Welcome to SO! I’m the head of engineering at Insurify, and my team and I “invented” that type of input (we call it a multi-tag-select) for our website. It wasn’t a simple process, because we had never seen anything like it before, so we wound up creating custom code to handle most of the functionality.

I’ll try to explain it to the best of my ability so you can create something similar for your product.

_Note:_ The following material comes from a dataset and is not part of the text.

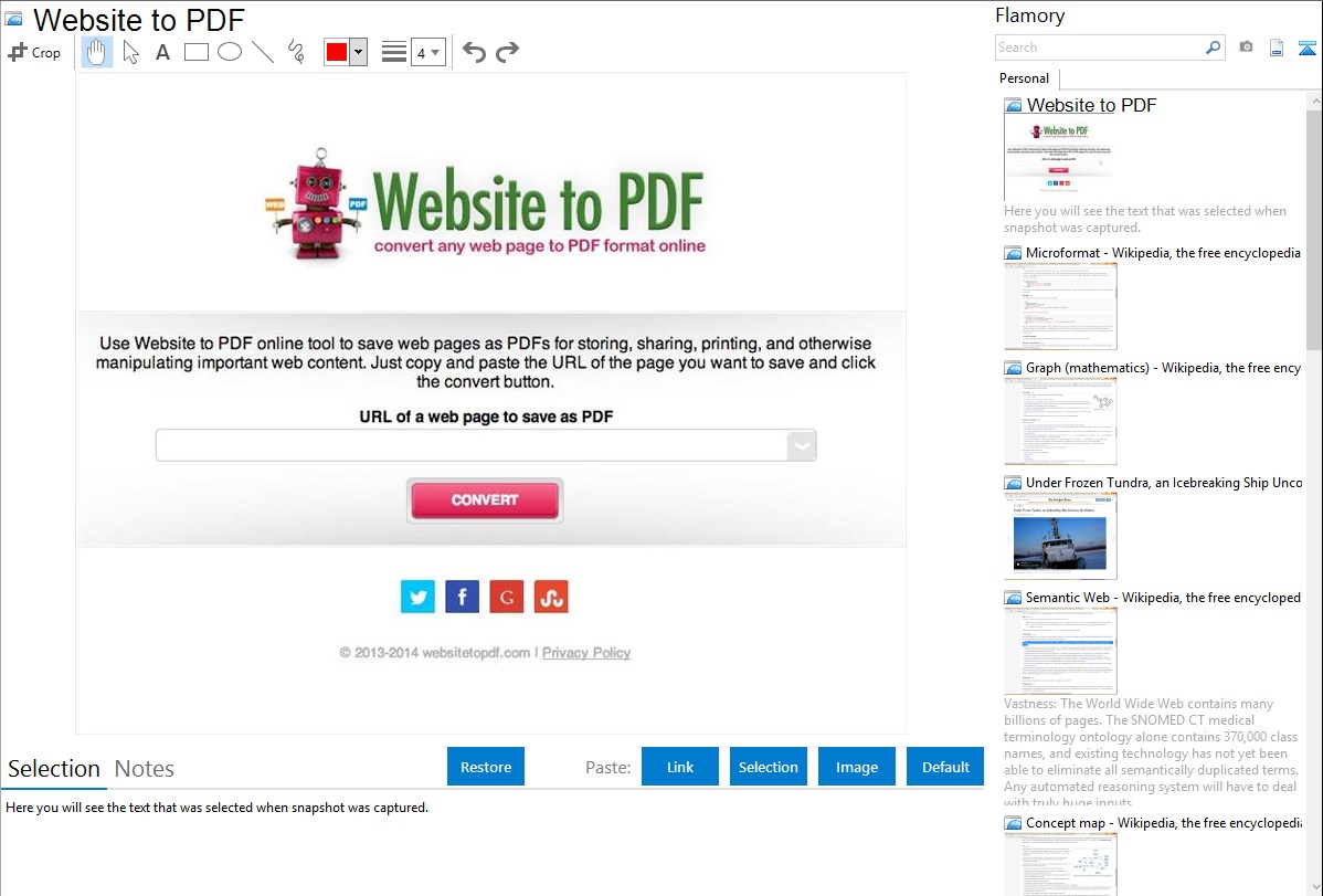 Flamory helps you capture and store screenshots from Website to PDF by pressing a single hotkey. It will be saved to a history, so you can continue doing your tasks without interruptions. Later, you can edit the screenshot: crop, resize, add labels and highlights. After that, you can paste the screenshot into any other document or e-mail message.

The component is basically a mash-up of:

  1. a responsive select input
  2. a tags input,
  3. a multi-dimensional model / data structure, and
  4. a controller to manage it all

We're using an API to grab data at different points, and we're caching the data on the server to make it faster, but none of that is specific to this input, so I won't detail how any of that is handled.

The way it works is:

  1. The controller loads, and grabs the first list of data from the model. The controller then renders the wrapper for the tags, and displays the first drop-down list. I assume here that you understand how to create a drop-down select list and a tags input, or that you can plug into libraries like jQuery UI to get these components.
  2. On selection of an item from the list, a "selected" event fires. This causes the controller to hide the select list, render a tag for the selected item, and load and render the subsequent list for selection. This process continues until all dimensions of data have been selected, at which the component fires a "complete" event to let any listeners know that the input has been completed.
  3. At the same time, upon completion, the input could be made to add or update a hidden input to the form (for a synchronous standard form post). In our case, we're a single-page app with an async RESTful API, so the selected value is persisted into a property of the component controller, and extracted when the form is serialized.
  4. When the tag's "x" is clicked, we delete all selections back to the preceding tag. Say, for example, 4 tags were selected, and we "x" the 3rd. The 4th will also delete. After the tags are deleted, the select list for the lowest level will be presented.
  5. For our component, we opted to skip any lists that have only one item. For those, we simply preselect the tag and move on to the next list. For this reason, when a preselected tag is x-ed, we also delete the preceding tag.

That's about it. Most of the work is in loading the data and wiring it all together.

If you have a specific question about any piece of this component, please feel free to ask in another question and I'll help where I can!